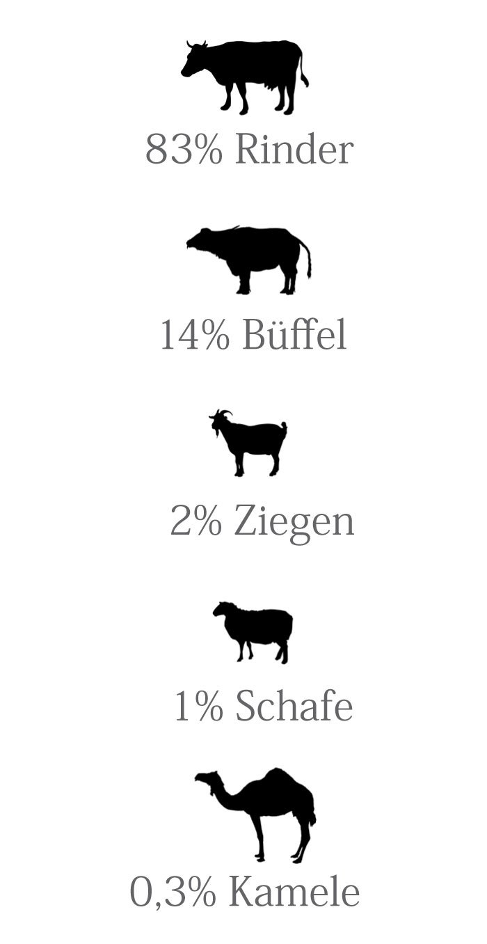 Die weitweite Milchproduktion nach Nutztierarten (2016/ FAO).
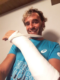 Este pasado viernes y después de terminar la rehabilitación de mi muñeca recibí el alta medica. Sin tiempo que perder primero hice 15 kilómetros corriendo y después de comer cuatro horas de bici, muy contento, lo mejor es que no tuve molestias en la muñeca encima de la bici.
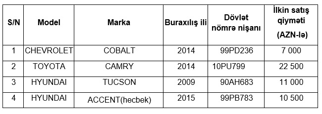 Sığorta şirkətinin daha 4 avtomobili satışa çıxarıldı
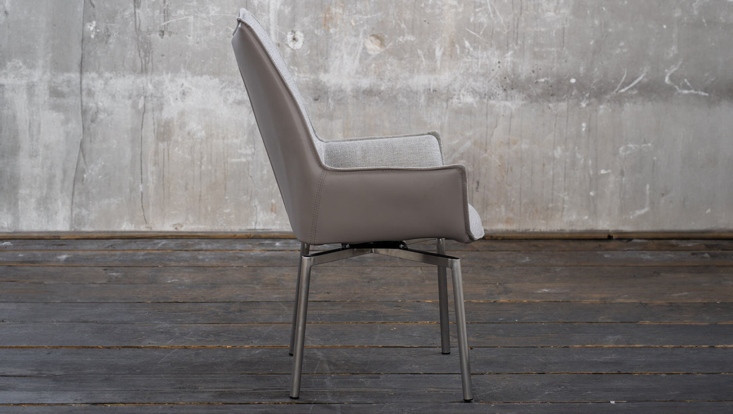 Esta silla es 2a oportunidad de una devolución de un cliente, que tiene ciertos defectos de menor importancia y por lo tanto es ofrecido por nosotros a un precio reducido. Los posibles defectos son: Arañazos en el armazón, marcas de presión, ligera suciedad y desviaciones de color en la tapicería, así como desgarros en la tela de los bajos. Por favor, eche un vistazo a las fotos de defectos directamente después de la foto principal. Sólo sirven para ilustrar posibles defectos. Se trata de imágenes de ejemplo generales y no representan el artículo en cuestión. El artículo no presenta necesariamente todos los defectos indicados. Las telas y colores de tapicería que aparecen en las imágenes de defectos tampoco se refieren a este artículo. La silla de comedor KAWOLA STINE convence por su elaboración de alta calidad y su diseño especial. La combinación de la piel sintética gris en el exterior de la carcasa del asiento y la tela flexible del asiento convierten a la silla en la estrella de cualquier comedor, y no sólo visualmente. Los elegantes pies de acero inoxidable cepillado tienen función giratoria y redondean la silla a la perfección. La forma y el tapizado de la silla garantizan un agradable confort de asiento. STINE no sólo destaca en el comedor, ya que la silla también es perfecta para su uso en el contract.
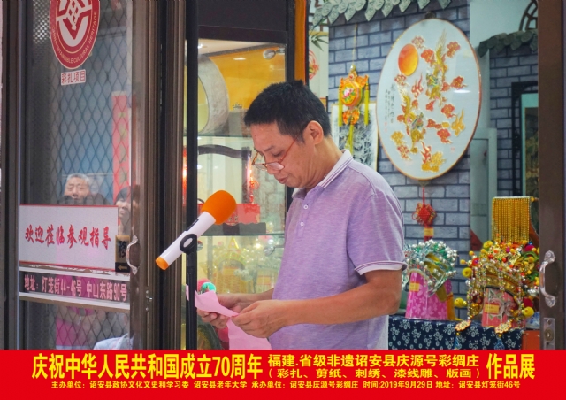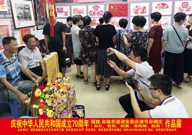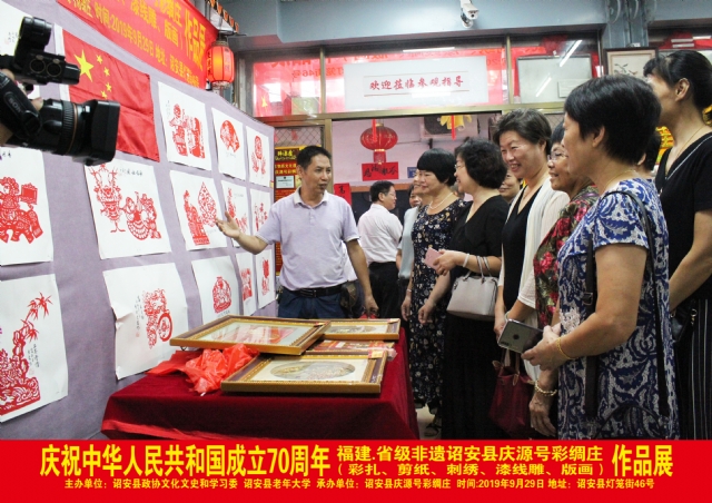 慶國慶,(福建省慶源號工藝品有限公司揭牌儀式,慶祝中華人民共和國成立七十周年(彩扎,剪紙,刺繡,漆線雕,版畫)作品展
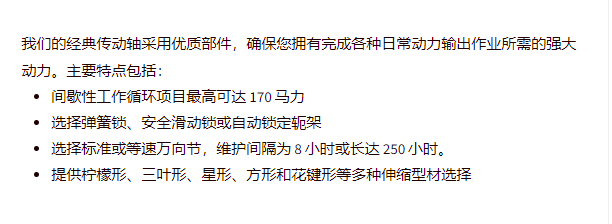 Weasler 经典型传动轴系列
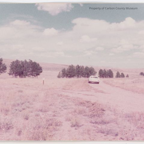 Written on back in blue ink:"Living snow fence on old Rawlins-Muddy Gap road Oct. 1983."
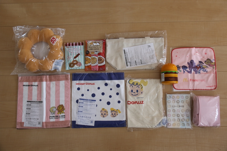 2026/1/25 - 福袋![]() 今年、4年ぶりにマクドの福袋に当選しました。4年ぶりだったので無茶苦茶嬉しかったのですが今月10日土曜日、梅田のマクドへ行くと売れ残った福袋が販売されており嬉しさ半減、複雑な気持ちの福袋です。そんな中、今年はミスドの福袋¥6,500円と¥3,800円の2種類を購入、マクドが¥3,900円だったので合計¥14,200円ですが金額以上のクーポン券に加えてオリジナルグッズが付いていました。ミスドはおやつに、そしてマクドは酒のアテとして使うのは言うまでもありません。 |
========
# WHAT NEEDS TO BE DONE
Omitting all pictures, restate exactly the lines of the material from its start through the line that contains "Sığorta şirkətinin daha".

# TASK ANSWER
 Die weitweite Milchproduktion nach Nutztierarten (2016/ FAO).
 Este pasado viernes y después de terminar la rehabilitación de mi muñeca recibí el alta medica. Sin tiempo que perder primero hice 15 kilómetros corriendo y después de comer cuatro horas de bici, muy contento, lo mejor es que no tuve molestias en la muñeca encima de la bici.
 Sığorta şirkətinin daha 4 avtomobili satışa çıxarıldı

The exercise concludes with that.